Importantly, the study also demonstrated improvement in patient functioning, as measured by the personal and social performance scale (PSP) across a wide range of doses. This is the first time that the PSP scale has been incorporated into a pivotal clinical trial program.
Paliperidone extended release (ER), a new chemical entity, is the first and only atypical antipsychotic to use the OROS extended release technology. This technology provides a continuous release of medication over a 24-hour period, leading to minimal peaks and troughs in plasma concentrations. Moreover, paliperidone ER is not extensively metabolized by the liver and is excreted largely unchanged through the kidney.
The double-blind, parallel-group, dose-response study of 618 patients was designed to assess the efficacy, safety and effect on functioning of paliperidone ER at daily doses of 3mg, 9mg or 15mg versus placebo.
All three doses of paliperidone ER demonstrated significant improvements in mean total scores and in each of the five factor scores of the positive and negative syndrome scale (PANSS) versus placebo. All doses of paliperidone ER also demonstrated significant improvements in patient functioning versus placebo as measured by the PSP scale.
Additionally, discontinuation rates due to adverse events for all paliperidone ER dose groups were comparable to placebo.
Johnson & Johnson Pharmaceutical R&D submitted a new drug application to the FDA for paliperidone ER in November 2005 and Janssen-Cilag submitted a marketing authorization application to European health authorities seeking approval in May 2006.

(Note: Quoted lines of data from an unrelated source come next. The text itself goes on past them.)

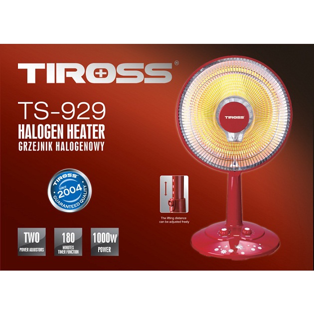Đèn sưởi halogen kiểu quạt Tiross TS929 được thiết kế với màu trắng - đỏ sang trọng, sử dụng bóng halogen giúp tạo hơi ấm cực nhanh và không đốt cháy oxy tốt cho sức khỏe, nhất là với người già và trẻ em. Chế độ xoay đều 180 độ giúp tỏa hơi ấm lan đều khắp phòng sẽ giúp cả căn phòng ấm lên nhanh chóng.Lồng và thân quạt được làm bằng nhựa chắc chắn, chịu va đập. Chế độ hẹn giờ tiện dụng để quạt sưởi tự mở hoặc tự tắt, sẽ giúp bạn kiểm soát tốt hơn thời gian bật tắt quạt. Đèn sưởi Tiross sử dụng công nghệ làm ấm bằng bóng halogen cùng công suất 1000W giúp sưởi ấm nhanh chóng.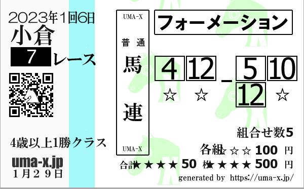 | 2022年 小倉 4上1勝クラス | 11 | 12 | 5 | 9 | 1 | 10 | 8 | 5 | 1 | 6 | 9 | 8 | 1 | 12 | 11 | 9 | 10 | 1 | 8 | 6 | 9 | 1 | 12 | 6 | 5 | 1 | 9 | 6 | 8 | 2 | 14 | 1 | 9 | 12 | 8 |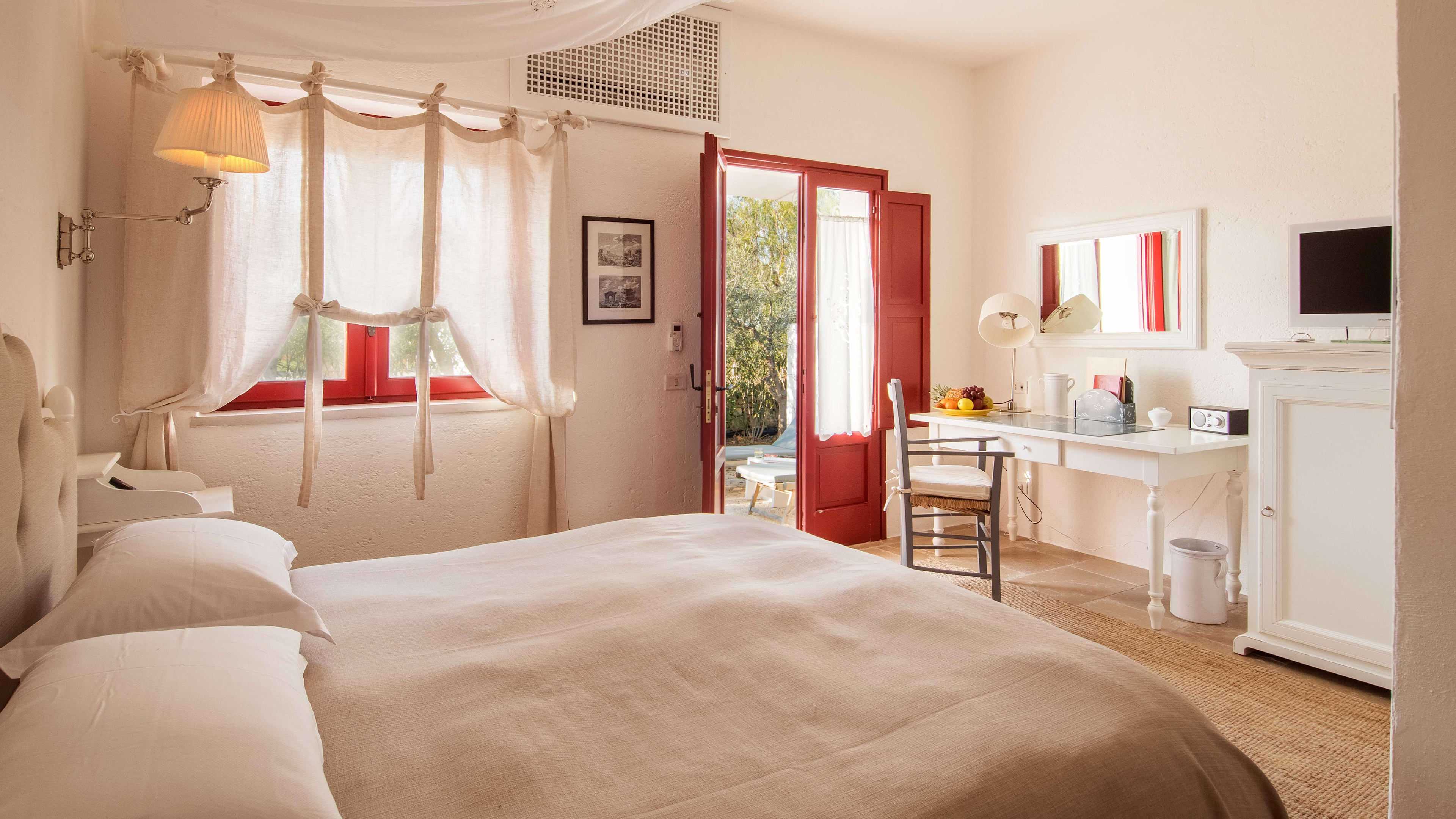 The nearest airports are Bari (served by BA and Ryanair) and Brindisi (served by Ryanair), both roughly an hour’s drive from Masseria Torre Coccaro. Alternatively, it’s 40 minutes by train to Fasano (transfer from the airport to the train station by bus).
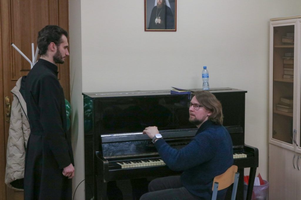04 марта 2026 г. студенты Вологодской духовной семинарии в рамках практико-ориентированного пастырского семинара «Актуальные вопросы пастырского служения» посетили занятие по постановке голоса, которое провел Н. К. Могилка – солист мужского хора Вологодской филармонии, выпускник Вологодского государственного педагогического университета по направлению «Музыкальное образование».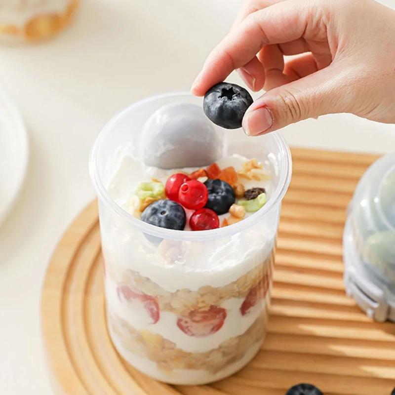 Portable Breakfast Cup with Double-Layer Lid - Includes Spoon & Fork, Food Storage Box for Oatmeal/Cereal/Salad/Fruits
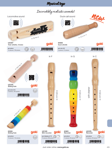 4153+ 3+4 013594 350075 4 013594 6185024 013594 619189 4 013594 351201 4 013594 619219 4 013594 3507614 013594 3510035+ 5+ 5+%u00ef 12,5 cm %u00f0%u00ef 18 cm %u00f0%u00ef 16,5 cm %u00f0%u00ef 16,5 cm %u00f0%u00ef 32 cm %u00f0%u00ef 20 cm %u00f0%u00ef 20 cm %u00f0Just order online: www.goki.euMusical toysUC007Train whistle, 3 tones61850Duck whistleper piece12 pieces | 108 piecesper set of 60 pieces | 72 piecesUC076Recorder61921RecorderUC120Mini recorder61918Sliding fluteUC100Sliding fluteper piece12 pieces | 60 piecesper piece12 pieces | 60 piecesper display of 1272 pieces | 288 piecesper piece12 pieces | 144 piecesper set of 120 pieces | 192 piecesIncredibly realistic sounds!Duck-call soundIn F In G In CLocomotive soundwith cleaner

The paliperidone ER filing is based on an extensive global clinical development program that involved more than 1,600 patients in 23 countries. Upon approval by regulatory authorities, the drug will be marketed in the US by Janssen and in Europe by Janssen-Cilag, both of which are wholly owned subsidiaries of Johnson & Johnson. The trade name for the product has not yet been determined.
“These data reinforce the findings of two other pivotal trials conducted for paliperidone ER,” said Dr David Walling, chief clinical officer for Collaborative NeuroScience and one of the study’s investigators. “If approved by the FDA, paliperidone ER may offer clinicians an important new treatment option with the potential to help patients control their symptoms and improve functioning.”